それは、地球では飲み慣れたエスコップ社製の栄養ドリンクであった。
「懐かしいな……」
「だろう。君も15年、この世界で生きてきたんだからな」
レオは、いや栗林は栄養ドリンクを一気に飲み干した。
そこに、男性が一人やってくる。
「あ、司令官」
「楽にしてよい」
「司令官?」
栗林は聞く。
「あぁ、この調査船アポカリプス号の調査隊隊長にして最高司令官のハロルド・ヴェルナー少将だ」
「とはいっても、そんなに緊張しなくてもいいが」
そういって、ハロルドは顎に手を当てて、話し始める。
「早速で申し訳ないが、君に頼みたいことがある」
「頼みたいことですか?」
「そうだ。単刀直入に言えば、この惑星、識別番号YD-837の調査を依頼したい」
「俺がこの惑星を調査するんですか?」
「その通り。君は現地で徴集したエージェントとして、なるべく多くの情報について調査してきてほしい」
「しかし、どうすればいいんですか。その、冒険者にでもなれってことですか?」
「我々はこの惑星の物理的性質や植生については調査できるものの、文明については簡単には調査できない。
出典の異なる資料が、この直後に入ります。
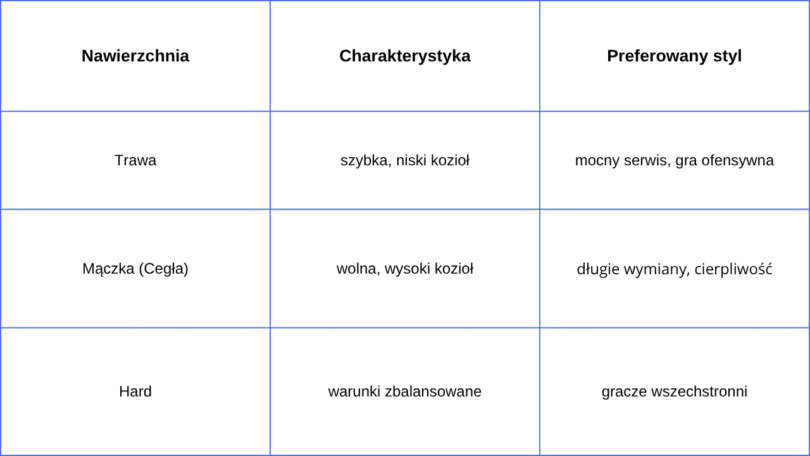 Nawierzchnia to jeden z najważniejszych czynników wynikowych w tenisie. Ma ona ogromny wpływ na styl gry i możliwy wynik:
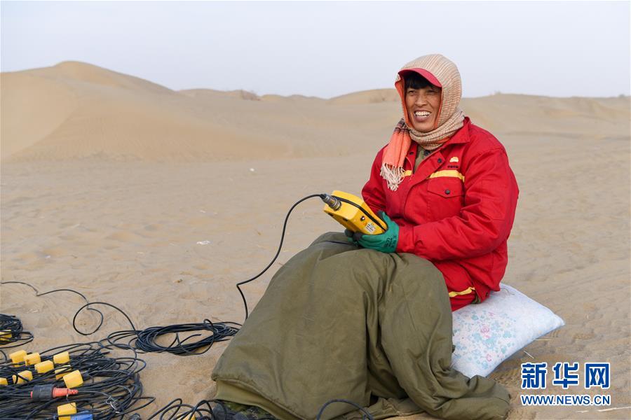 查線工王秋玲在檢測(cè)待用的檢波器(1月14日攝)。新華社記者 丁磊 攝
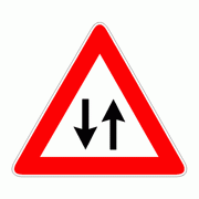 | Il segnale raffigurato preannuncia che, poco oltre, si potranno incontrare veicoli che marciano in senso opposto | Mostra risposta |
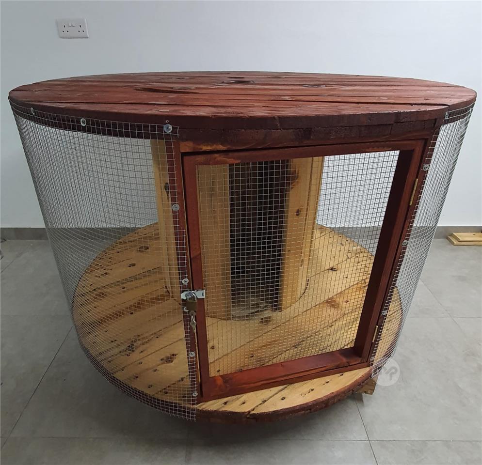 Custom cage painted with highly water repellent paint and having a diameter of 4.5ft. Large door with lock. Feeding tubes also included with the cage.

そのため、文明や文化に関して分かる範囲でいい。その情報を我々に提供してはくれないか?」
「ここで話す感じですか?」
「いや、そうではない。君の体にはすでに超小型万能スパコンを搭載したマイクロチップがインプラントされている。地球時代の時もやっていただろう?」
「えぇ」
「そのマイクロチップが君のことをサポートしてくれる。使い方は地球の時と同じだ」
「分かりました」
「それと、この世界では魔法があるらしいな。もどきではあるが魔法のような物を使えるようにしてある。存分に活用してくれ」
「ありがとうございます」
そういって、栗林はマイクロチップを使ってみた。
インターフェースが表示され、自分の状態を表示してくれる。
そして、新機能として、魔法使用に関する項目が追加されていた。
そこには多種多様な魔法のようなものが掲載されている。
「それを使って、頑張ってくれたまえ」
「はい。分かりました」
「そのほか必要な情報はマイクロチップを通じて情報提供する。今日の所はもう帰ったほうがいいだろう」
そういって、栗林はアブダクション装置の前まで案内される。
「記憶の混濁によって日常生活に支障をきたす恐れがあるだろうが、頑張ってくれ」
「はい」
「では降ろすぞ」
そういって装置を起動させる。
そのまま栗林は地上へと戻っていった。